12 mai.
Par SHOo, à 01:02
Dumb and Dumber (and Dumbest)

Samoanus torsus à poilus
Vivre à Auckland, en règle générale, coûte moins cher que vivre en France. Certes, il est plus aisé de manger de la junkfood que de vrais repas équilibrés, mais une fois les bons magasins repérés et la cure de peanut butter et d’Oreos faite, on s’en sort pas trop mal. Reste le problème du logement. L’immobilier est tellement hors de prix (deux fois plus cher en gros) que la colocation est passée dans les mœurs.
J’ai donc fini par partager un appartement avec 3 Samoans (plus Romain). Certes je n’aurai pas eu le loisir d’étudier les Maoris (pensez à rouler le R pour la prononciation), mais le Samoan, à mon sens, est tout aussi riche à observer.
Fiche technique :
Le Samoan se repère par plusieurs signes distinctifs :
-la carrure : Autant ces mous du bide de Maoris sont gras et flasques, autant le Samoan présente une peau ferme, une largeur d’épaules à faire soupirer les filles et une masse musculaire des plus imposantes. Et je vous mens pas, ils font tous plus de 100kg.
-les ornements : Du tour de bras au poster dans le dos en passant par les pectoraux et les mollets, le Samoan porte à merveille le tatouage.
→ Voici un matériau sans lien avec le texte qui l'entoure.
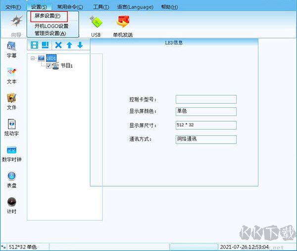 led player(显示屏控制软件)是一款专业而且功能强大的LED显示屏控制软件,界面美观,还有独特的分离式预览窗口设计,方便操作使用。软件包含编写字幕、文本输入、炫动字效果、数字时钟、表盘及屏幕计时等多项功能,可以帮助你编辑LED显示屏中的节目,把丰富的多媒体内容播放到LED屏幕上。它还支持单击发送、USB发送和集群发送节目,而且会随固态硬件性能提升自动升级,进一步提高控制性与稳定性。需要的朋友快来下载试试吧!

Ca doit être une marque de naissance, parce qu’ils ont tous de l’encre sous la peau.
-la couleur de peau (tannée) et des cheveux (noirs) et la largeur des épaules, mais ça je l’ai déjà dit, c’est juste que j’en bave encore.
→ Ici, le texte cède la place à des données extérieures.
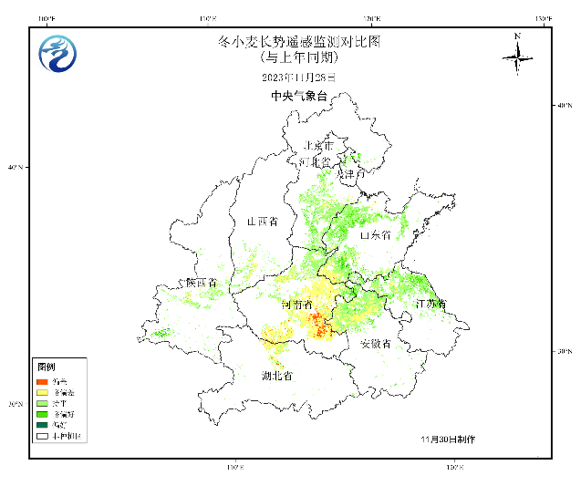 图3 主产省冬小麦长势监测(左:与上年同期对比;右:当前苗情)

Bon, là je ne vous parle que du Samoan mâle, puisque j’ai eu tout un défilé à la maison. Les filles sont pareilles, mais en un peu plus léger, un peu moins tatouées je crois, et un poil plus fines. Je n’en ai pas vues beaucoup, mais il semblerait que le Samoan se plaise à s’accoupler avec des petites asiatiques frêles et hystériques, sauf mes flatmates, qui eux préfèrent visiblement les Européennes. Enfin, après, chacun ses goûts…


Traditions et comportement :
Il est un fait remarquable au sein de la communauté samoane : on a la fâcheuse tendance d’appeler ses enfants d’après un proche. Du coup, ils s’appellent tous pareil ! Ainsi, Pati s’appelle Albert pour honorer son cousin, le frère de Mia, lui-même s’appelant également Jerry d’après son oncle, le père de Pati. Déjà, c’est pas simple.
Autre tendance générale : il semblerait que pas mal d’entre eux aient fait de la prison pour calmer les ardeurs juvéniles de ces messieurs…
Et en parlant d’hardeurs et de juvéniles, nous arrivons à une autre coutume étrange : faire des enfants à tout va, dans des conditions plus ou moins sombres, mais plus ou moins excusées (selon eux) par le fait qu’ils ont tous un sacré penchant (tellement qu’ils en tomberaient) pour les sorties nocturnes plutôt bien arrosées, sur fond de R’n’B (« shake that ass girl »).


Alors il est vrai que ça peut faire un peu peur comme ça, partager un appart’ avec trois de ces espèces de colossaux bad guys.
Seulement voilà, tel Samson et ses cheveux, les Samoans ont leurs points faibles qui font s’effondrer tout le mythe. Ils écoutent du Elton John (et autre chanson d’amûûûûr) qu’ils chantent langoureusement quand ils vont au karaoké. Et s’ils se déchaînent un samedi soir, ça ne les empêchera pas d’aller à l’église comme tous les dimanches matin. Et laissez-moi vous dire qu’un Samoan en costard, c’est hot. Pardon, je m’égare. Enfin, en costard normal, parce que j’avoue que je ne suis pas plus sensible que ça au costume + traditionnel (veste de costume et… pagne long –ouais, jupe quoi).
Je passe plein d’autres petits détails comme le fait qu’ils ne savent pas vraiment compter (voir post à venir sur Wellington), qu’ils excellent en xbox mais renient Nintendo, sont super nuls en anatomie, et qu’ils sont fans de rugby.
Mais c’est tellement facile de vivre avec eux. Je passerai des heures à les regarder être eux-mêmes… Et quand ils rient tous les trois, je les aime.